Something more intelligent requires statistical methods (I think machine learning is commonly used).
EDIT: See e.g. this article for more intelligent methods.
Due to its importance, automatic charset detection is already implemented in major Internet applications such as Mozilla or Internet Explorer. They are very accurate and fast, but the implementation applies many domain specific knowledges in case-by-case basis. As opposed to their methods, we aimed at a simple algorithm which can be uniformly applied to every charset, and the algorithm is based on well-established, standard machine learning techniques. We also studied the relationship between language and charset detection, and compared byte-based algorithms and character-based algorithms. We used Naive Bayes (NB) and Support Vector Machine (SVM).

Not really. The different encodings often have large areas of overlap, and if your string that you are testing exists entirly inside that overlap, then both encoding are acceptable.
For example, utf-8 and ISO-8859-1 are the same for the letters a-z. The string "hello" would have an identical sequence of bytes in both encodings.
This is exactly why there is an mb_detect_order() function in the first place, as it allows you to say what you would prefer to happen when these clashes happen. Would you like "hello" to be utf-8 or ISO-8859-1?

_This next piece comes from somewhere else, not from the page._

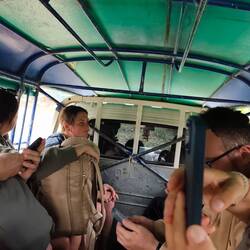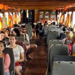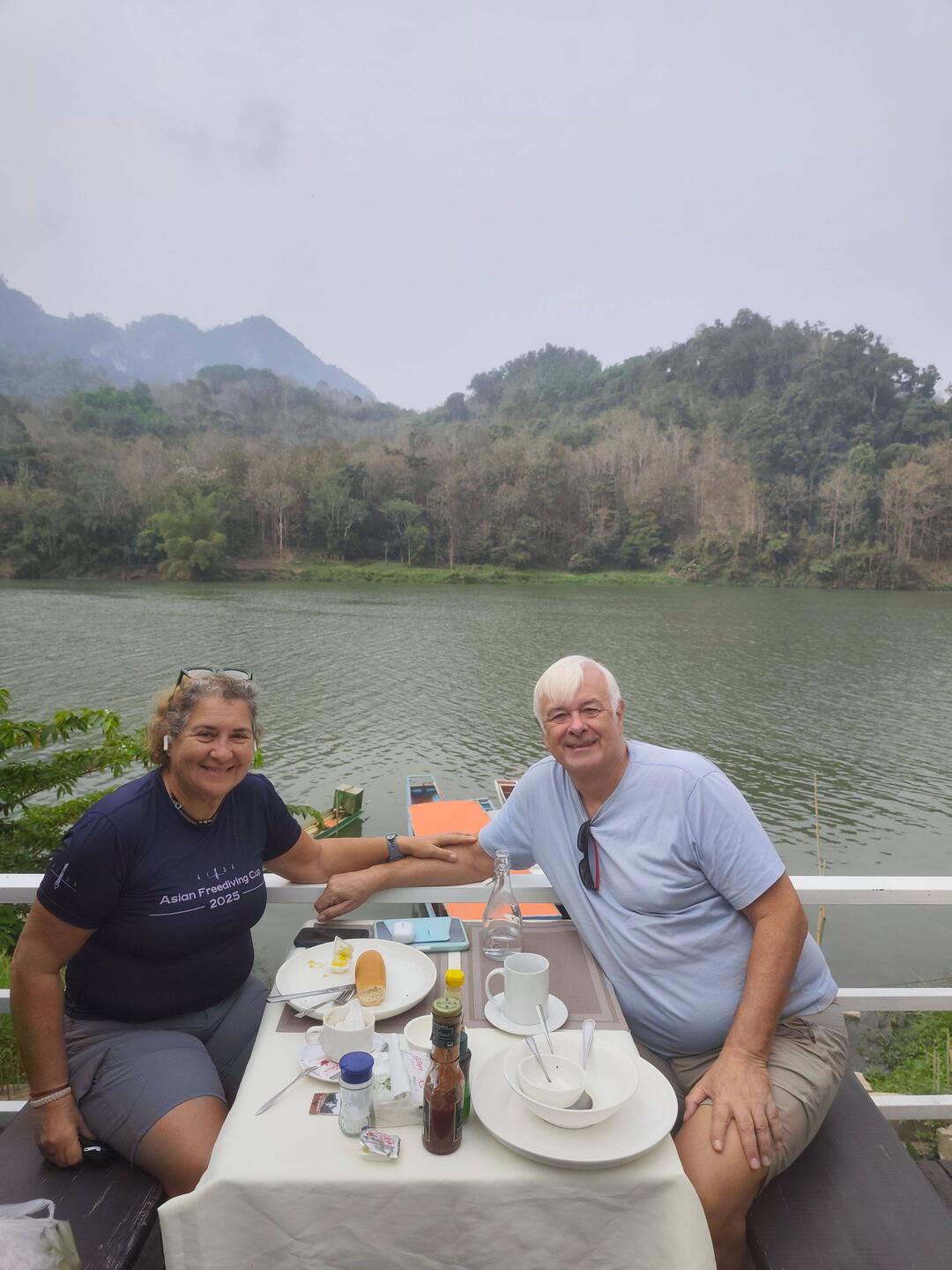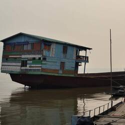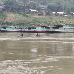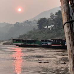 Up at 05:30 to watch the monks processing through town receiving alms. Then a van ride to the slow boat to take us 6 hours up the Mekong river to Pak Beng.

Keep in mind mb_detect_encoding() does not know what encoding the data is in. You may see a string, but the function itself only sees a stream of bytes. Going by that, it needs to guess what the encoding is - e.g. ASCII would be if bytes are only in the 0-127 range, UTF-8 would be if there are ASCII bytes and 128+ bytes that exist only in pairs or more, and so forth.
As you can imagine, given that context, it's quite difficult to detect an encoding reliably.
Like rihk said, this is what the mb_detect_order() function is for - you're basically supplying your best guess what the data is likely to be. Do you work with UTF-8 files frequently? Then chances are your stuff isn't likely to be UTF-16 even if mb_detect_encoding() could guess it as that.
You might also want to check out Artefacto's link for a more in-depth view.
Example case: Internet Explorer uses some interesting encoding guessing if nothing is specified (#link, Section: 'To automatically detect a website's language') that's caused strange behaviours on websites that took encoding for granted in the past. You can probably find some amusing stuff on that if you google around. It makes for a nice show-case how even statistical methods can backfire horribly, and why encoding-guessing in general is problematic.

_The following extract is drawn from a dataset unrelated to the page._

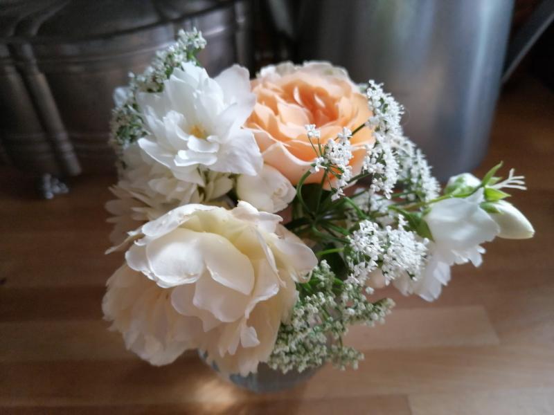 Da nach dem morgendlichen Regen (Wisst Ihr noch was das ist? ;)) 2 Blüten im "Dreck" lagen, stelle ich zu Mittag ein kleines Sträußchen auf den Tisch. :)

mb_detect_encoding looks at the first charset entry in your mb_detect_order() and then loops through your input $html matching character by character whether that character falls within the valid set of characters for the charset. If every character matches, then it returns true; if any character fails, it moves on to the next charset in the mb_detect_order() and tries again.
The wikipedia list of charsets is a good place to see the characters that make up each charset.
Because these charset values overlap (char x8fA1EF exists in both 'UTF-8' and in 'EUC-JP') this will be considered a match even though it's a totally different character in each character set. So unless any of the character values exist in one charset, but not in another, then mb_detect_encoding can't identify which of the charsets is invalid; and will return the first charset from your array list which could be valid.
As far as I'm aware, there is no surefire way of identifying a charset. PHP's "best guess" method can be helped if you have a reasonable idea of what charsets you are likely to encounter, and order your list accordingly based on the gaps (invalid characters) in each charset.
The best solution is to "know" the charset. If you are scraping your html from another page, look for the charset identifier in the header of that page.
If you really want to be clever, you can try and identify the language in which the html is written, perhaps using trigrams or n-grams or similar as described in this article on PHP/ir.

Related

Encoding/charset associated to PHP strings

The PHP documentation says:
Of course, in order to be useful, functions that operate on text may have to make some assumptions about how the string is encoded. Unfortunately, there is much variation on this matter throughout PHP’s functions:
[... a few special cases are described ...]
Ultimately, this means writing correct programs using Unicode depends on carefully avoiding functions that will not work and that most likely will corrupt the data [...]
Source: https://www.php.net/manual/en/language.types.string.php
So naturally my question is: Where are these specifications that allow us to identify the encoding/charset associated to string arguments, return values, constants, array keys/values, ... for built-in functions/methods/data (e.g. array_key_exists, DOMDocument::getElementsByTagName, DateTime::format, $_GET[$key], ini_set, PDO::__construct, json_decode, Exception::getMessage() and many more)? How do composer package providers specify the encodings in which they accept/provide textual data?
I have been working roughly with the following heuristic: (1) never change the encoding of anything, (2) when forced to pick an encoding, pick UTF-8. This has been working for years but it feels very unsatisfactory.
Whenever I try to find an answer to the question, I only get search results relating to url encoding, HTML entities or explaining the interpretation of string literals (with the source file's encoding).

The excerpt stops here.